Un ottimo modo per affrontare e superare con successo la quarantena o i diversi periodi di lock down più o meno rigido è quello di mantenere la tua solita routine o crearne una nuova in casa. Rendi partecipe i tuoi figli delle tue scelte e pianifica con loro cosa potrete fare durante la giornata.

Se hai un bambino di uno o due anni, cerca di non cambiare i suoi orari dei pasti e del riposo, questo lo aiuterà a non modificare le sue abitudini e a superare più facilmente questo momento difficile


La parola all’esperta

Riportiamo di seguito alcuni passi di un’intervista rilasciata dalla dottoressa Antonella Costantino, direttrice dell'Unità Operativa di Neuropsichiatria dell'Infanzia e dell'Adolescenza e presidente della società scientifica Sinpia, pubblicata sul sito dell’Ospedale Maggiore Policlinico di Milano:


"E' importante poter parlare ai bambini in modo tranquillo e diretto - spiega l'esperta - trovando il giusto equilibrio tra le spiegazioni di cosa sta accadendo e l'insegnamento delle norme base per la prevenzione del contagio. Ma soprattutto, è indispensabile riuscire a trasmettere fiducia. Anche perché i piccoli non aspettano le spiegazioni degli adulti per interpretare il mondo, ma si creano una loro personale idea.
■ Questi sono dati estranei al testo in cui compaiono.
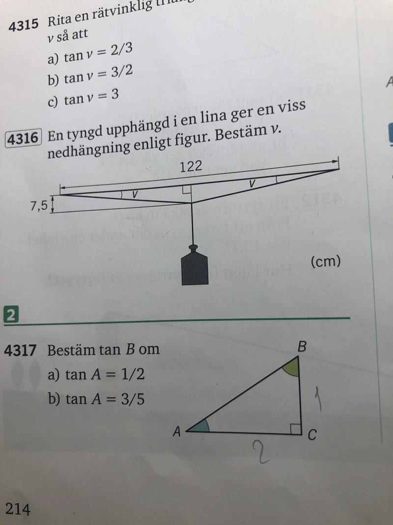 vinkel B = 63,43 grader. Det är här jag fastnar. Hur kan jag omvandla 63,43 grader till tan B?

Per questo è fondamentale parlare con loro, anche per evitare che la loro idea si formi sbagliata o confusa".

Per l’intervista completa: La pagina del Policlinico di Milano


Spiegarlo con i disegni e le storie

Vi proponiamo due racconti illustrati per raccontare ai bambini più piccoli cosa sta succedendo attraverso lo strumento della lettura e delle immagini:


- “My Hero is You” è un grande libro di fiabe creato dal gruppo di riferimento del Comitato permanente Inter-agenzia sulla salute mentale e il supporto psicosociale nelle situazioni di emergenza (IASC MHPSS RG).


- “Margherita e il coronavirus” è una storia illustrata realizzata da Francesca Dall’Ara, psicologa e psicoterapeuta Servizio per le disabilità complesse e Malattie Rare dell’Unità di Neuropsichiatria dell’Infanzia e dell’Adolescenza (UONPIA) della Fondazione IRCCS Ca’ Granda Ospedale Maggiore Policlinico di Milano.